**Your assignment**.
Would it be possible to output exactly, and only, the lines below from the one holding "Bölümleri kontrol etmek" to the last line, both included, with every picture left out?

**Provided material**.
__________________________________________________
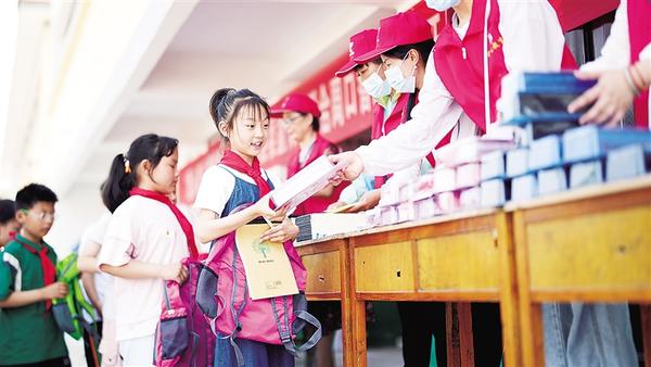 5月22日,扶溝縣江村鎮(zhèn)張龐小學(xué)的學(xué)生領(lǐng)到“六一”禮物?!傲弧眱和?jié)前夕,扶溝縣委宣傳部聯(lián)合我市一家教育公司走進(jìn)扶溝縣江村鎮(zhèn)張龐小學(xué),開展“愛心牽手 情暖童心”迎“六一”愛心捐贈(zèng)活動(dòng),為該校50名留守兒童送去價(jià)值4600元的書包、筆、本、文具盒等物品及節(jié)日的祝福。
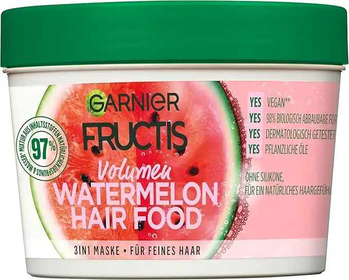 Garnier Hair Mask, Watermelon Hairfood, Moisturising 3-in-1 Mask, Gently Detangles Fine Hair and Gives Unrivalled Shine, Fructis, 390 ml — Price History & Tracker | DeserTracker
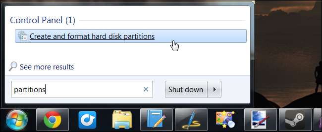 Bölümleri kontrol etmek için, Windows ile birlikte verilen Disk Yönetimi uygulaması . Başlat'a tıklayın, yazın bölümler ve seçin Sabit disk bölümleri oluşturun ve biçimlendirin Açmak için kısayol.
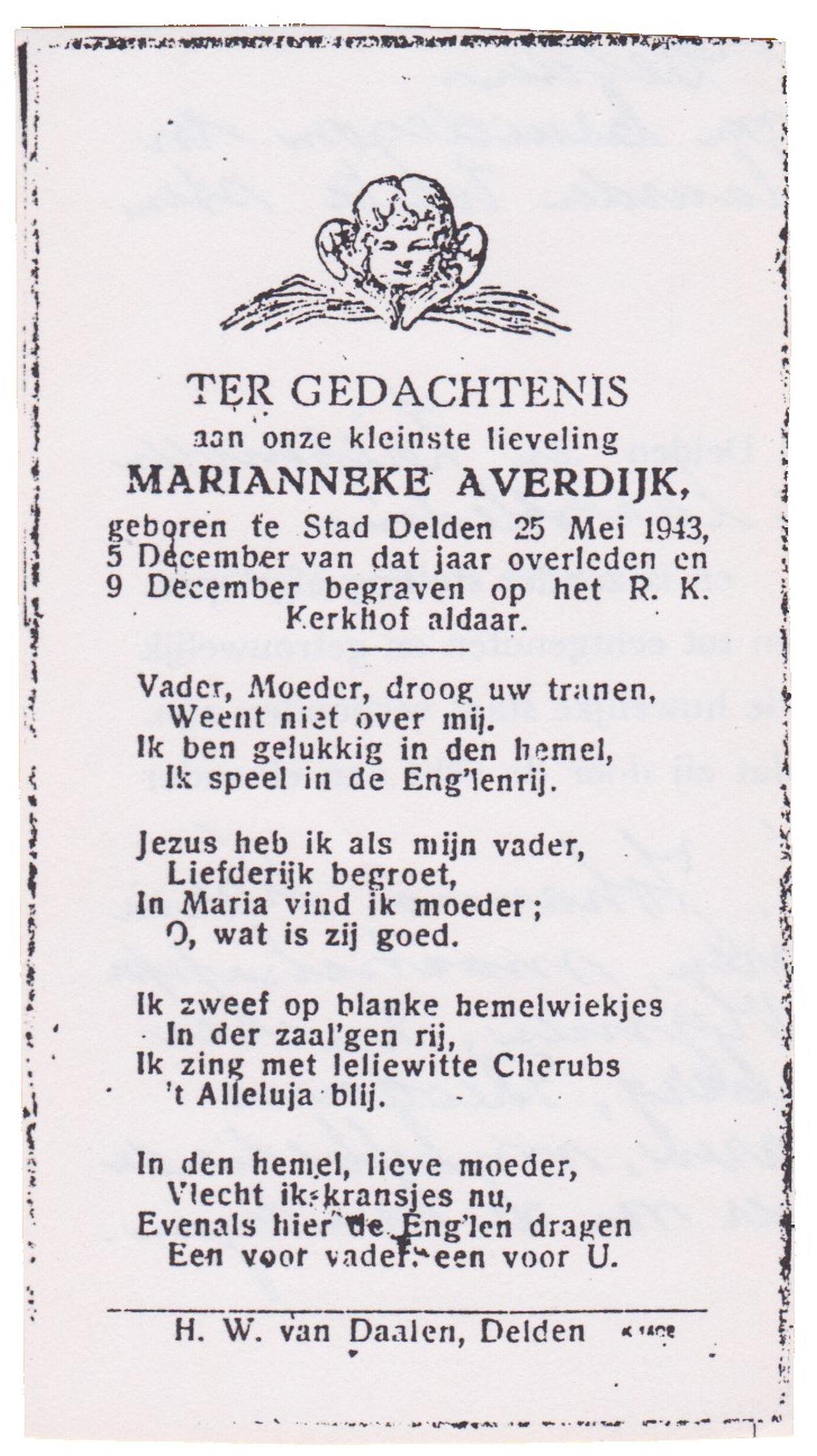 AVERDIJK, Marianneke, geboren op 25-5-1943 te Delden, Stad, overleden op 5-12-1943 te Delden, Stad op 0-jarige leeftijd, begraven op 9-12-1943 te Delden.
__________________________________________________
**Task response**.
 Bölümleri kontrol etmek için, Windows ile birlikte verilen Disk Yönetimi uygulaması . Başlat'a tıklayın, yazın bölümler ve seçin Sabit disk bölümleri oluşturun ve biçimlendirin Açmak için kısayol.
 AVERDIJK, Marianneke, geboren op 25-5-1943 te Delden, Stad, overleden op 5-12-1943 te Delden, Stad op 0-jarige leeftijd, begraven op 9-12-1943 te Delden.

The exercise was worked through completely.